Mario Edison Giménez (born 5 April 1981 in Pedro Juan Caballero) is a Paraguayan footballer that currently plays for Colombian Primera A side Itagüí as striker.

He began his football career at 2 de Mayo of the first tier of his country, in where scored 25 goals in 31 appearances during two seasons. In January 2007, was sold to Chilean Primera División club Colo-Colo, for a US$400.000 transfer fee. After a regular pass at the Chilean club that was runner-up of the 2006 Copa Sudamericana, he joined to Paraguayan powerhouse Club Olimpia along with his countrymen Gilberto Velásquez in June, after of proclaiming champion of the Apertura Tournament.

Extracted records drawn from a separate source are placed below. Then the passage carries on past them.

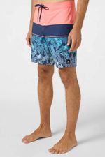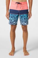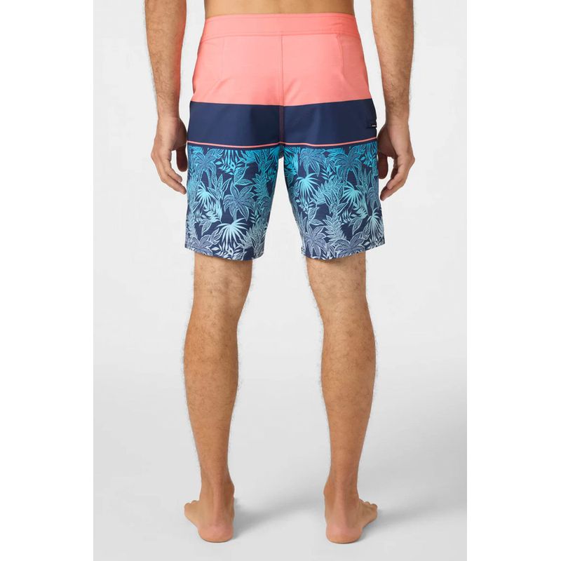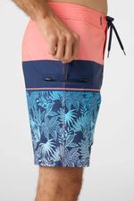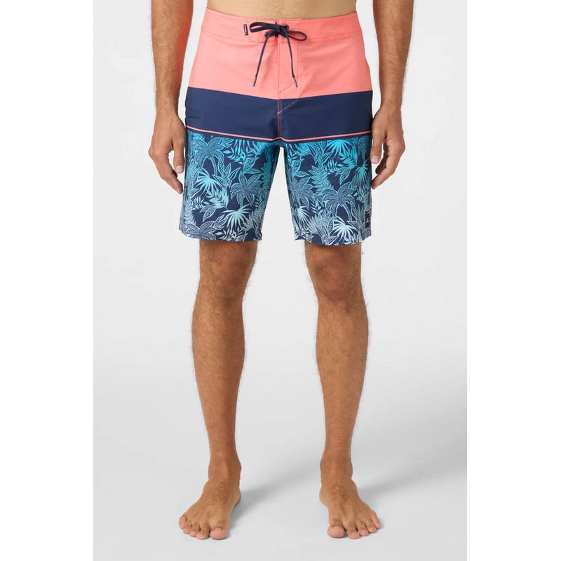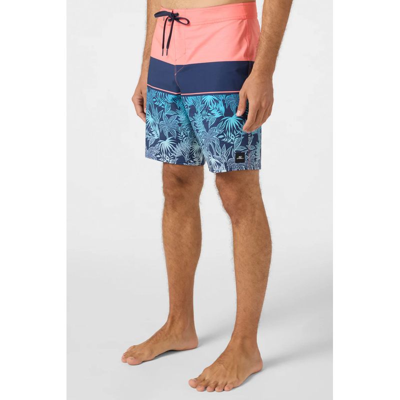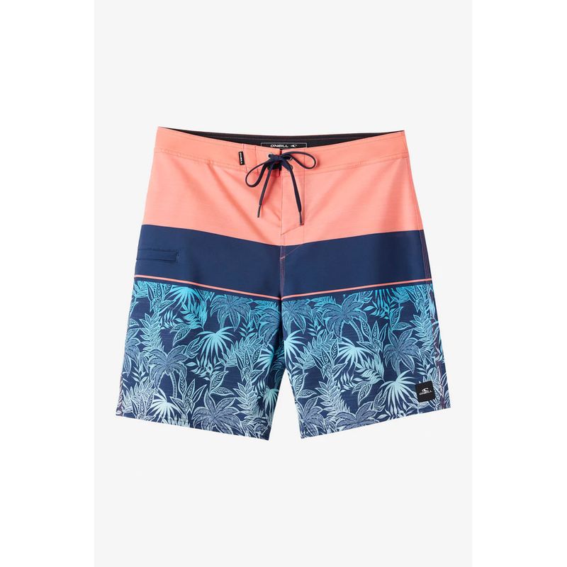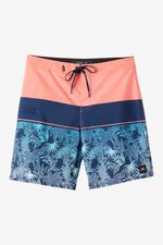 Un boardshort masculino con diseño en franjas naranjado, azul y azul con plantas y palmeras que puedes usar en piscina, mar y río, ya que cuenta con nuestra tecnología O'NEILL HYPERDRY que repele el agua, ayuda a evitar su absorción y acelera el tiempo de secado.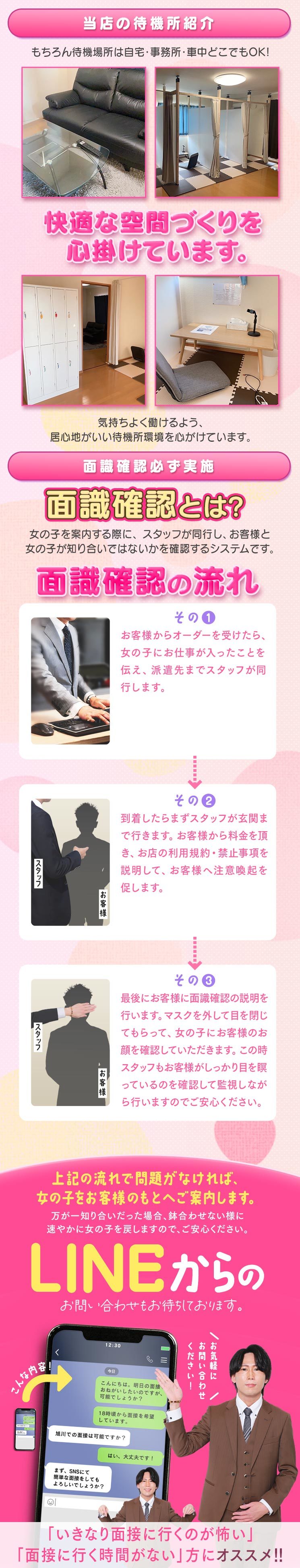 A | 当店で行っている身バレ対策は下記になります。 ・面通し ・在籍写真、写メ日記での顔出し強制一切なし ・派遣場所のNG設定 ※面通し お客様のもとへ女の子を派遣する際に、スタッフ同行のもとお客様と女の子が知り合いではないかの確認します。 お客様は目を閉じていただき、その間に女の子お客様の顔確認をします。 |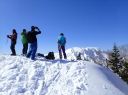 2パーティ5名のスキーヤーとボーダーが休んでいたので記念写真をお願いし、すぐ霧ノ塔へ向けて出発。まもなく霧ノ塔(1,994m)に到着、シールを外すと楽しい楽しい滑走の始まりである。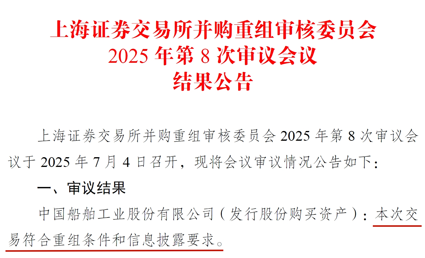 7月4日,上海證券交易所并購重組審核委員會2025年第8次審議會議召開,審議結(jié)果為中國船舶工業(yè)股份有限公司(發(fā)行股份購買資產(chǎn)):本次交易符合重組條件和信息披露要求。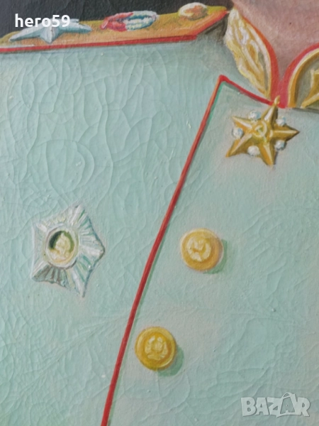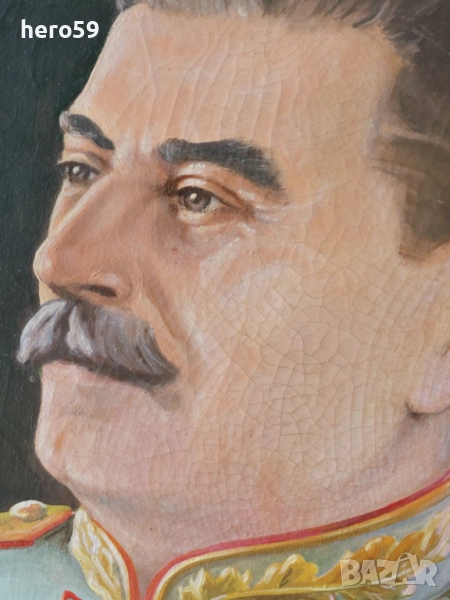 За продажба стара картина.Размери на самата картина 45/36 см. Продавам много рядък портрет на Сталин рисуван през първата половина на миналия век. Рисуван на платно с маслени бои.Рамкиран скоро ,подрамката също е нова.Размери 37/47 само на портрета.С рамката 44/54 см.Има подпис и година,но при рамкирането така се получи ,че не се вижда целият подпис и годината.Рисувана е през 1947година.Цена 4000 евро.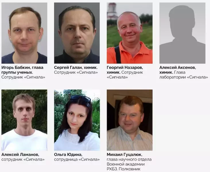 Затое шэсць з сямі суаўтараў — штатныя супрацоўнікі НЦ «Сігнал». Гэта хімікі Ігар Бабкін, Сяргей Галан, Георгій Назараў і Аляксей Аксёнаў, Вольга Юдзіна (вядома, што яна старшы навуковы супрацоўнік 22‑й лабараторыі навукова-вытворчага аддзела), а таксама Аляксей Ламанаў (загадчык 23‑й лабараторыі навукова-вытворчага аддзела).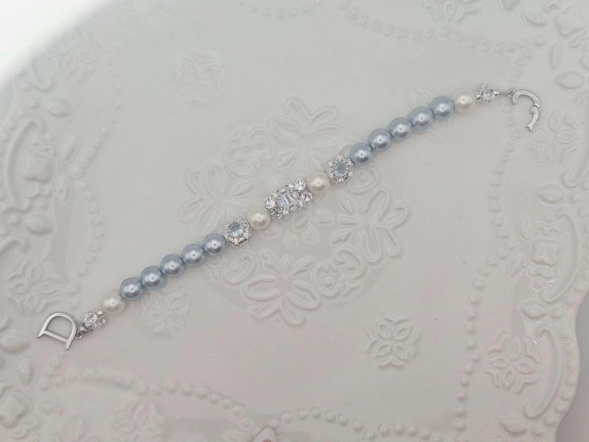 Expertly crafted with 18k silver and diamond spacers, this blue and soft white pearl bracelet is perfect for any occasion. The trendy ribbon of glassbead pearls adds a touch of sophistication to any ensemble. Measuring 6.5" in length, it's the ideal bracelet for day or evening wear.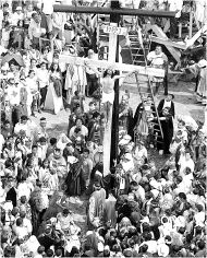 Viene la hora de la verdad, la del desmadre. Los periodistas se adelantan. Les impide el paso la guardia romana, compenetrada en su papel. Ellos abren el paso. El gusano humano avanza por las calles con los sacerdotes malditos al frente y Cristo secundando.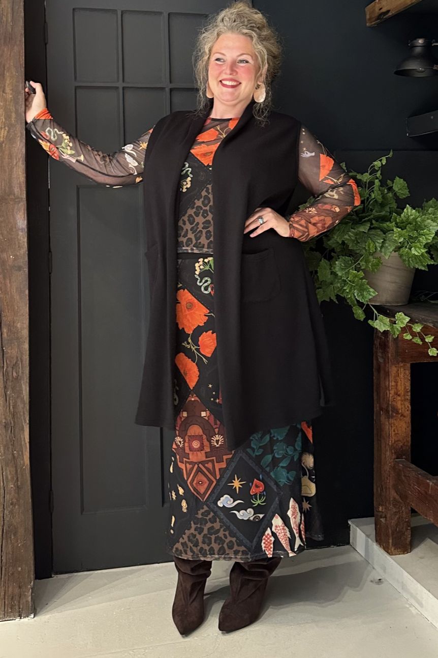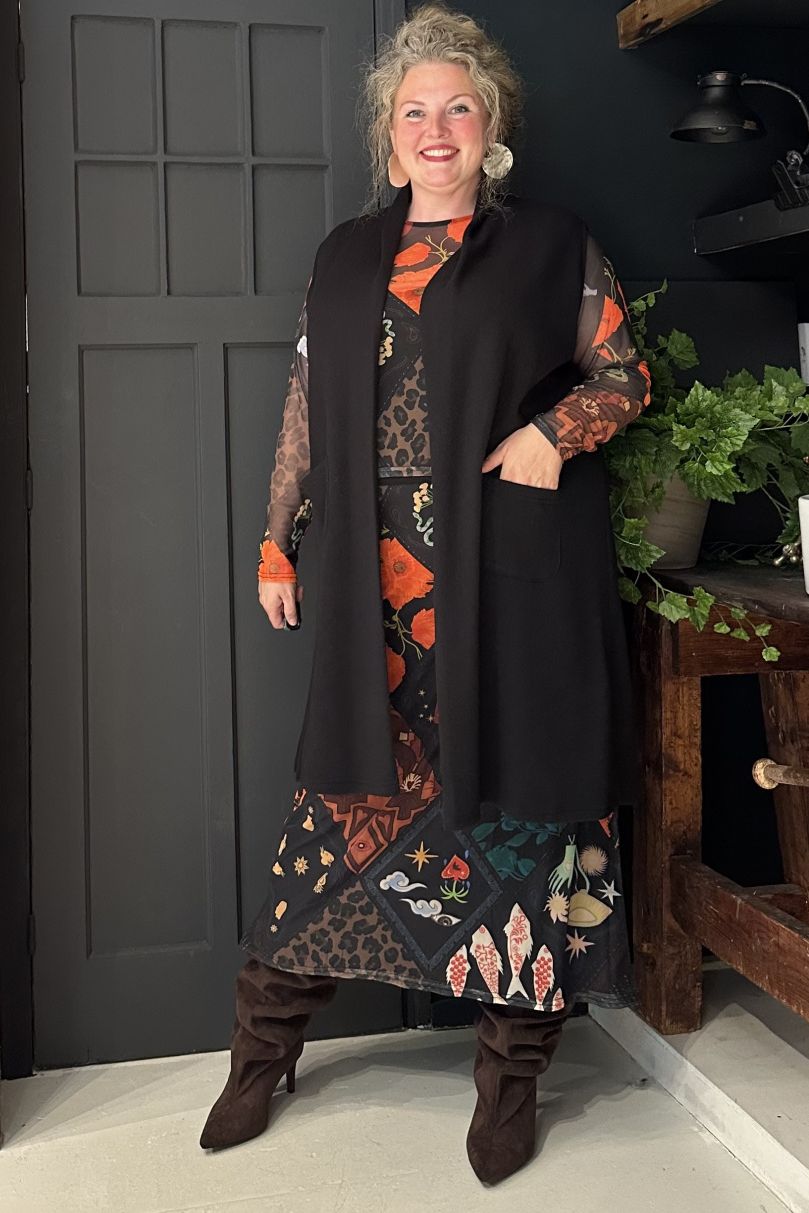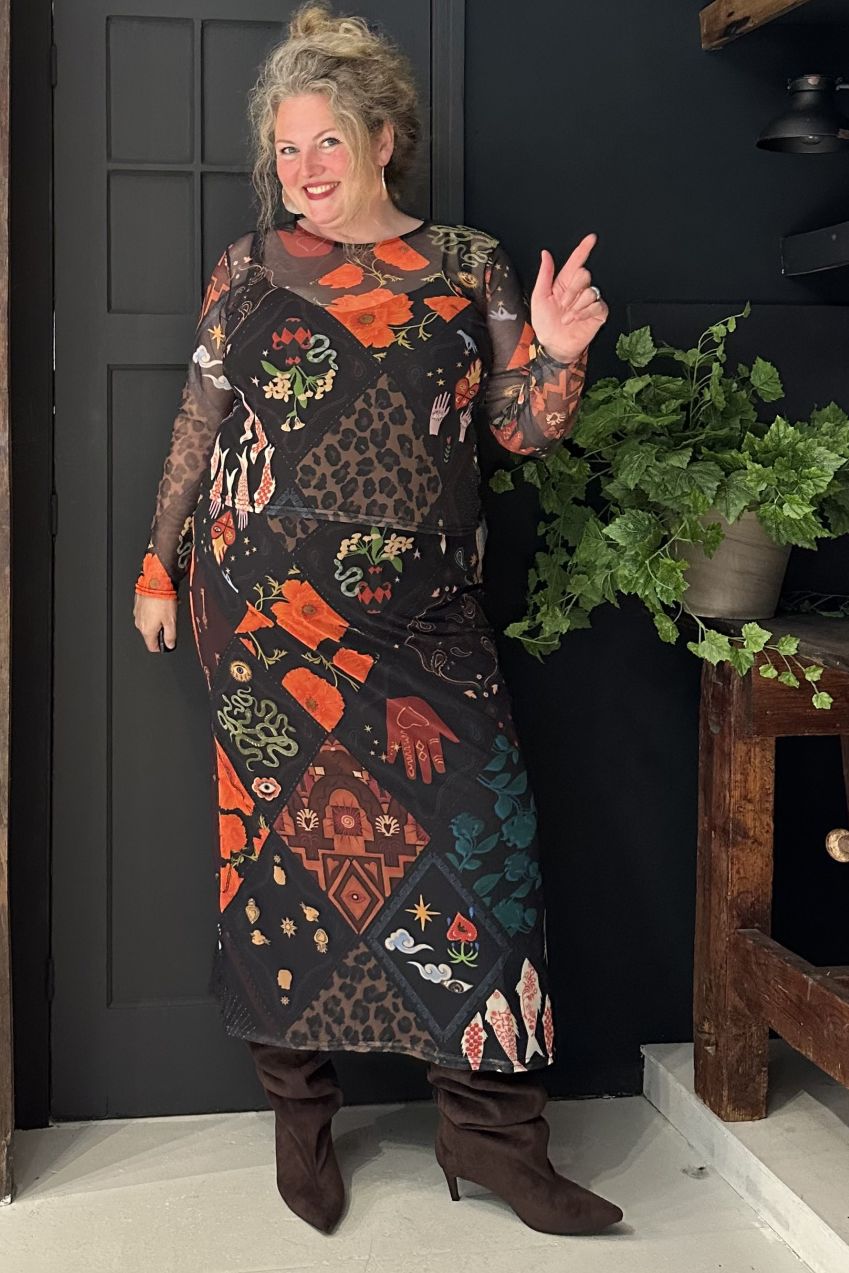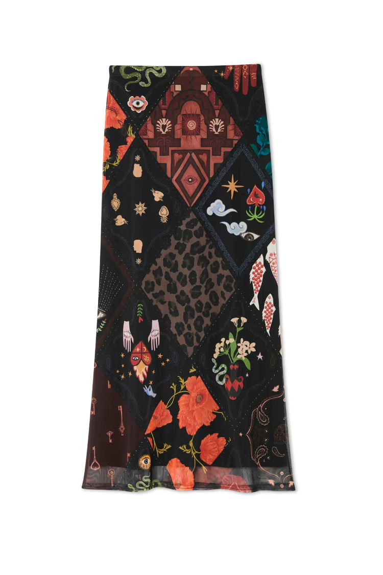 Rekbare lange rok met vrolijke motieven in mesh stof.

In January 2009, he traveled to Colombia and signed for Deportivo Pereira of the country's first tier, after having also spells at Independiente Medellín and Deportivo Cali of the same country. In 2011, he returned to Paraguay and joined to Sportivo Luqueño, after moving to Ecuadorian side Imbabura SC. The next season, Giménez signed for La Equidad.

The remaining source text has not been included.